Assigned task: Start at the line with "Cowboys zu Pferd, die" and print every line through the end of the material below. Keep it exact and free of pictures.

Provided material:
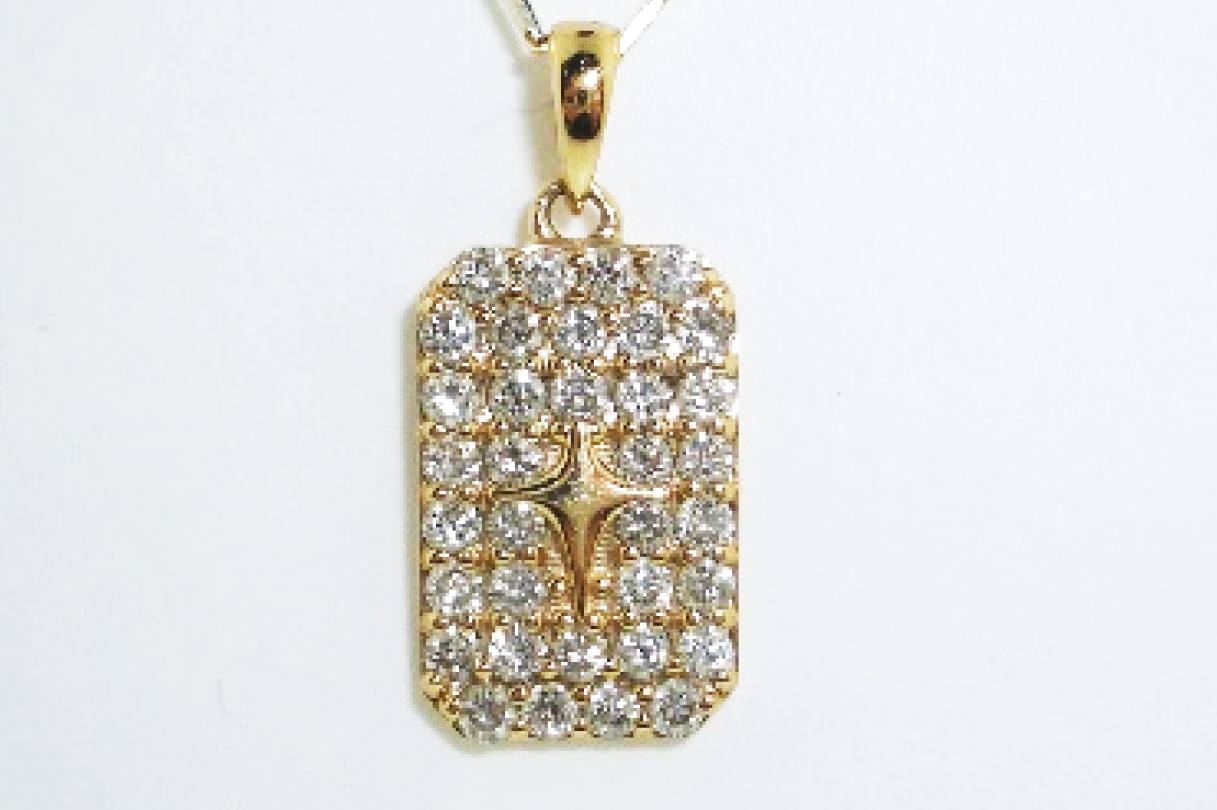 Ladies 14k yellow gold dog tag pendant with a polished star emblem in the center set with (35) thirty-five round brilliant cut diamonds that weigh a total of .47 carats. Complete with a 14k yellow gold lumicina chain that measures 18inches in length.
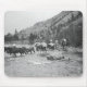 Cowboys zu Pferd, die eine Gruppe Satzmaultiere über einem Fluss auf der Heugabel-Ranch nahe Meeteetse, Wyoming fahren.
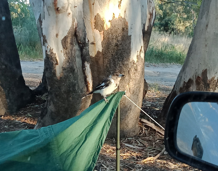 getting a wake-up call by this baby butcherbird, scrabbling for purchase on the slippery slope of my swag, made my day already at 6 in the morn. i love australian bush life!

Worked solution:
 Cowboys zu Pferd, die eine Gruppe Satzmaultiere über einem Fluss auf der Heugabel-Ranch nahe Meeteetse, Wyoming fahren.
 getting a wake-up call by this baby butcherbird, scrabbling for purchase on the slippery slope of my swag, made my day already at 6 in the morn. i love australian bush life!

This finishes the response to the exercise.